By Wallace D. Wattles

The Nautilus

Holyoke, Massachusetts

Vol. XI Nos. 6-11

April-September, 1909

I.

TIME.

A BALLOON GOES UP; A STONE FALLS TO EARTH; WHY? ONE FORCE IN NATURE—G R A V I T Y.

The science of theology and medicine are necessarily very closely allied, both having to do with the saving of men from the consequences of wrong living; and it follows that in religion and medicine we are always seeking for realities; searching the truth; seeking the ultimate, spiritual and physical facts upon which to base our theories, and from which to proceed in making our demonstrations of health and wholeness. And since our demonstrations must and will be complete or incomplete just in proportion to the completeness of our grasp of the realities, the importance of the search for truth becomes apparent; the very first thing we have to do is to penetrate through all the appearances of life, and ascertain the differences between what is really true and what is only apparently true; for there is often a vast difference between the appearance and the reality. The sun appears to rise and set, and to go around the earth; but it does not. A balloon goes up; and a stone falls to the earth; in appearance there are two forces at work, but in reality there is only one—gravity. The reality behind the going up of the balloon and the coming down of the stone is the same. And to seek for the realities behind the appearances of life; behind its goings up and comings down, its goings out and comings in,—that is science, and that is what we are going to try to do.

The first of the realities with which we will deal is Time. It is the fashion with some metaphysical writers to assert that there is no time; but the arguments advanced in support of this claim are superficial. Time is not an entity having substance, but it is an existing reality, nevertheless. Time is not an idea; a fiction by which we measure and record the motions of the heavenly bodies; time would go on just the same and at exactly the same rate if the heavenly bodies were motionless.

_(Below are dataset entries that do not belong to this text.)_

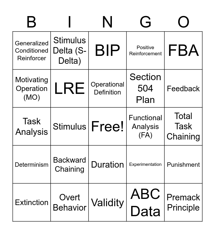 This bingo card has a free space and 60 words: Behavior, Overt Behavior, Covert Behavior, Determinism, ABC Data, In Loco Parentis, LRE, IEP, Section 504 Plan, Manifestation Determination, Positive Reinforcement, Negative Reinforcement, Motivating Operation (MO), Conditioned Reinforcer, Unconditioned Reinforcer, Generalized Conditioned Reinforcer, Premack Principle, FBA, SEAT, Operational Definition, Functional Analysis (FA), BIP, Extinction, Punishment, BST, Instructions, Modeling, Rehearsal, Feedback, Mastery Criteria, Shaping, Differential Reinforcement, Topography, Discriminative Stimulus (SD), Stimulus Delta (S-Delta), Prompt Response, Prompt, Stimulus, Prompt Fading, Task Analysis, Forward Chaining, Backward Chaining, Total Task Chaining, Empiricism, Experimentation, Replication, Parsimony, Philosophic Doubt, Dead Man Test, Duration, Validity, Reliability, Accuracy, Reversal (A-B-A) Design, Multiple Baseline Design, Multielement Design, Changing Criterion Design, Inclusion, Pairing and Group Contingency.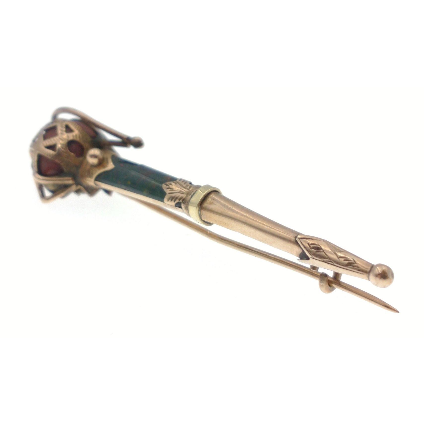 Cased Victorian Scottish Gold kilt pin. Just over 6cm with working pin. 4.6g in weight. Lovely bloodstone agate shaft No hall mark but previously tested to 15ct.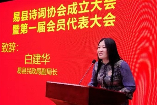 易县民政局副局长白建华讲话,她说,易县是联合国首批命名的千年古县,文化底蕴深厚,2534平方公里广袤的土地,8000多年人类文明史源远流长,300多处历史文化遗存,41处文明保护单位熠熠生辉,易县诗词协会的成立恰逢其时。她对诗词协会提出要求,并有“四点建议”,希望易县迈向诗词蓬勃发展的新征程。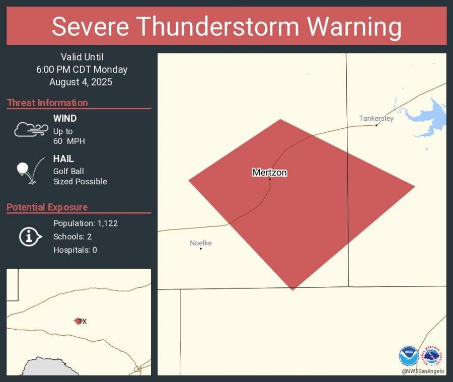 SAN ANGELO, TX — The National Weather Service has issued a Severe Thunderstorm Warning for parts of southwestern Tom Green and southeastern Irion counties, including areas near Mertzon and Knickerbocker, through 6 p.m. CDT Monday.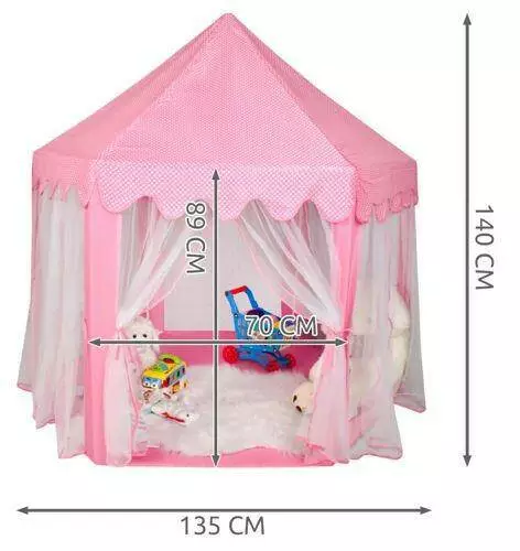 Розмір намету дозволяє кільком дітям перебувати у ньому одночасно. Палац має привабливий зовнішній вигляд. Шестикутна основа та дах у формі піраміди. Градинки можна зав'язувати у різний спосіб за допомогою декоративних стрічок. Вхід покритий напівпрозорими світловими завісами. Рожевий або синій колір обшивки в маленькі білі горошки, або в смужку, які надають естетичного вигляду. Можна використовувати як у будинку, так і на вулиці.

Do not misunderstand me in my use of the word “time.” Many people suppose that time began when man began, and must end when man ends as a mortal and physical being, and that the periods before and after the earth life of the human race are to be called eternities; in other words that there can be no time except so long as there is a mortal man to measure it; but this is erroneous. Days, weeks, months and years must have gone on before man came on earth, just as they do now; and if man disappeared from the earth, they would still go on. If the earth ceased to revolve around the sun, and to turn on its axis, the succession of the seasons and of day and night would cease; day would be continuous on one side of the earth, and night upon the other, but hours and minutes would go on just the same, and if the sun, moon, planets, stars and all else were to disappear and be succeeded by black, silent, formless chaos, hours and minutes would go on forever. Clocks do not make time; an hour would have the same duration if there were no clocks. In eternity there must still be time; time is duration in eternity. Eternity is endless time.

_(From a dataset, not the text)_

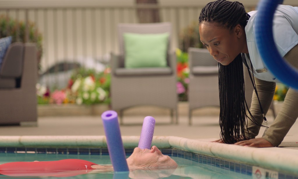 La sobriété des images et leur élégance est indéniable. Les plans posés, l’éclairage doux et la chaleur des couleurs créent une atmosphère immersive et enveloppante. Friedland adopte une approche sensuelle et sensorielle, privilégiant les gestes, les textures, les sons du quotidien, une façon de représenter la perte de mémoire sans drama, en laissant place à ce qui perdure (le toucher, les sensations, la mémoire du corps). La scène de la piscine où Ruth s’abandonne aux mains du soignant est pleine de grâce. On devine ses pensées avant même de l’entendre évoquer son bien être.

Time can never end. If you try to think of a point at which time should end, you can only think of it as a point beyond which there must be still more time. Also, then, time can never have had a beginning; for if you try to think of a point at which time began, you can only think of it as a point beyond which there must have been still more time. Do not say that endless time is unthinkable; you can very easily think endless time, if you do not try to think of the end of it. You cannot comprehend endless time, for that means to contain it in your mind, or to go around it; but you can know what it is, and you can know that it is.

Time is; and we must use it, whether we will or no. And the use we make of present time decides the use we shall be able to make of future time; just as the use we made of past time has fixed our place in present time. The use we make of today decides the use we shall be able to make of tomorrow. To be strong and wise is to be able to use time well; and to use time well is to become continually stronger and wiser. Success, growth and development are only attained by the right use of time; and we are failures today in exact proportion as we have erred in our use of time past To know the right use of the present moment is therefore of immense importance; and to have the will to make the right use of it is more important still. If man can—and will—make the right use of every moment of time, he must certainly become a being of marvellous power and wholeness. Oh, the wasted time! The misspent time! The lost time!

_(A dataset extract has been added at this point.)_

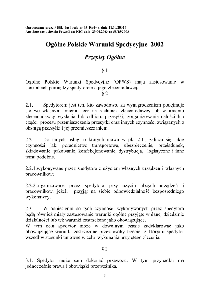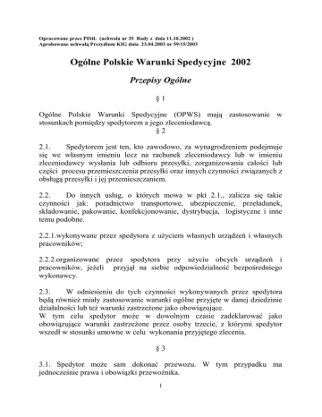 Opracowane przez PISiL (uchwała nr 35 Rady z dnia 11.10.2002 ) Aprobowane uchwałą Prezydium KIG dnia 23.04.2003 nr 59/15/2003 Ogólne Polskie Warunki Spedycyjne 2002 Przepisy Ogólne §1 Ogólne Polskie Warunki Spedycyjne (OPWS) mają zastosowanie w stosunkach pomiędzy spedytorem a jego zleceniodawcą. §2 2.1. Spedytorem jest ten, kto zawodowo, za wynagrodzeniem podejmuje się we własnym imieniu lecz na rachunek zleceniodawcy lub w imieniu zleceniodawcy wysłania lub odbioru przesyłki, zorganizowania całości lub części procesu przemieszczenia przesyłki oraz innych czynności związanych z obsługą przesyłki i jej przemieszczaniem. 2.2. Do innych usług, o których mowa w pkt 2.1., zalicza się takie czynności jak: poradnictwo transportowe, ubezpieczenie, przeładunek, składowanie, pakowanie, konfekcjonowanie, dystrybucja, logistyczne i inne temu podobne. 2.2.1.wykonywane przez spedytora z uŜyciem własnych urządzeń i własnych pracowników; 2.2.2.organizowane przez spedytora przy uŜyciu obcych urządzeń i pracowników, jeŜeli przyjął na siebie odpowiedzialność bezpośredniego wykonawcy. 2.3. W odniesieniu do tych czynności wykonywanych przez spedytora będą równieŜ miały zastosowanie warunki ogólne przyjęte w danej dziedzinie działalności lub teŜ warunki zastrzeŜone jako obowiązujące. W tym celu spedytor moŜe w dowolnym czasie zadeklarować jako obowiązujące warunki zastrzeŜone przez osoby trzecie, z którymi spedytor wszedł w stosunki umowne w celu wykonania przyjętego zlecenia. §3 3.1. Spedytor moŜe sam dokonać przewozu. W tym przypadku ma jednocześnie prawa i obowiązki przewoźnika. 1 3.2. Spedytor nabywa prawa i obowiązki przewoźnika w przypadku gdy: 3.2.1. dokonuje przewozu własnym taborem i wystawia przewozowy; dokument 3.2.2. występuje jako przewoźnik morski lub operator transportu multimodalnego wystawiając własny konosament lub konosament FIATA, zwany Negotiable FIATA Multimodal Transport Bill of Lading; 3.2.3. dokonuje przewozu taborem obcym lecz wystawia dokument przewozowy (przewoźnik umowny); 3.2.4. przyjmuje zlecenie transportowe. §4 Zleceniodawcą w rozumieniu niniejszych warunków jest osoba/strona zawierająca umowę ze spedytorem, zlecająca mu realizację zadań i czynności lub wstępująca w prawa tejŜe strony. §5 Postanowienia niniejszych warunków nie mają zastosowania do spedycji pieniędzy, papierów wartościowych, dokumentów, kosztowności i innych przedmiotów szczególnie cennych. Oferty §6 ZłoŜona przez spedytora oferta obejmuje tylko te czynności, które są w niej wymienione i zachowuje waŜność w określonym terminie. 6.1. Oferta spedytora i uzgodnienia dotyczące stawek i usług (własnych lub osób trzecich) odnoszą się tylko do towarów określonych w zleceniu oraz zakładają typowe, nie zakłócone warunki jej realizacji. 6.2. W przypadku braku innych uzgodnień, kaŜda oferta lub kwotowanie zachowuje waŜność w przypadku ich niezwłocznego potwierdzenia przez zleceniodawcę i tylko wtedy, kiedy zlecenie do nich nawiązuje. 2 6.3. W przypadku zmiany któregokolwiek elementu oferty, zaistniałej z przyczyn zewnętrznych, niezaleŜnych od spedytora, podane lub uzgodnione ceny będą odpowiednio korygowane wstecz do momentu, gdy zmiana ta wystąpiła. Korekta oferty wynikająca ze zmiany któregokolwiek jej elementu z przyczyn leŜących po stronie spedytora, wymaga zgody drugiej strony, tj. zleceniodawcy. 6.4. JeŜeli spedytor, zaleŜnie od sytuacji stosuje stawki zryczałtowane, rozumie się Ŝe w przypadku braku innych uzgodnień stawki te zawierają wszystkie koszty ponoszone przez spedytora podczas nie zakłóconego przebiegu procesu spedycyjnego. Umowa spedycji §7 7.1. Przez umowę spedycji spedytor zobowiązuje się za wynagrodzeniem, w zakresie działalności swego przedsiębiorstwa do wysłania lub odbioru przesyłki albo do dokonania innych usług związanych z jej przewozem. 7.2. Umowę spedycji uwaŜa się za zawartą w chwili otrzymania przez spedytora zlecenia, chyba Ŝe spedytor bez zwłoki zawiadomi dającego zlecenie o odmowie jego przyjęcia. Zlecenie spedycyjne §8 8.1. Spedytor wykonuje czynności na podstawie zlecenia . 8.2. Zlecenie dla jego waŜności nie wymaga formy pisemnej, jednakŜe dla uniknięcia nieporozumień i nieprawidłowości w jego realizacji zaleca się by wystawione zostało lub potwierdzone w formie pisemnej lub podobnej (fax, email). 8.2.1. Spedytor nie jest odpowiedzialny za następstwa błędów i nieporozumień wynikłych w związku z otrzymaniem zlecenia ustnie lub telefonicznie. 8.2.2. Spedytor nie jest odpowiedzialny za skutki dodatkowych instrukcji udzielanych przez zleceniodawcę bezpośrednio innym stronom uczestniczącym w realizacji spedycji. 3 8.3. Zlecenie powinno zawierać wszystkie niezbędne informacje o przesyłce i o jej właściwościach, znaki i numery poszczególnych sztuk (opakowań), ich liczbę, cięŜar, wymiary, kubaturę, a takŜe określać zakres zlecanej usługi oraz wszelkie inne dane i dokumenty potrzebne dla prawidłowego wykonania zlecenia. 8.4. Zleceniodawca ma obowiązek udzielenia zlecenia kompletnego i prawidłowego. Zleceniodawcę obciąŜają konsekwencje zaistniałe wobec spedytora i osób trzecich w następstwie podania w zleceniu niedokładnych, niekompletnych i nieprawidłowych danych przy czym odnosi się to równieŜ do danych zawartych w dokumentach, korespondencji oraz podanych na przesyłce informacji co do ilości, wagi, wymiarów i właściwości, a takŜe wadliwego opakowania przesyłki, itp., nawet wtedy gdy niedokładność, niekompletność, względnie nieprawidłowość powstały bez jego winy. 8.5. Spedytor nie ma obowiązku, lecz jest uprawniony do sprawdzenia, czy przedstawione mu w zleceniu dane są poprawne i wyczerpujące. 8.6. Spedytor ma prawo, ale nie obowiązek sprawdzenia prawdziwości podpisów i uprawnień osób podpisanych na zleceniach, zawiadomieniach, przelewach, przek

We close this chapter, then, by claiming the demonstration of our first fact; that time is a reality.

II.

SPACE.

CAN SPACE HAVE BOUNDARIES?

Bear in mind that in the first chapter we prove that time is an existent reality; in this chapter we shall try to prove that space also exists. Space is the place where a thing is; and it is also the place where no thing is. Space is the place where the earth is; the earth’s diameter being about 7,925 miles, it fills so much space; if the earth were to disappear, the 7,925 miles of space would still exist, but it would then be empty space whereas now it is filled space. The sun, also, fills space, and the distance between the earth and the sun is space; beyond the sun is more space, and beyond the earth still more; and so on. It does not matter whether space is occupied or unoccupied; empty or filled; it is space, all the same. Space is a reality. Distance is a portion of space between two given points. Endless distance would comprise all of space in one direction.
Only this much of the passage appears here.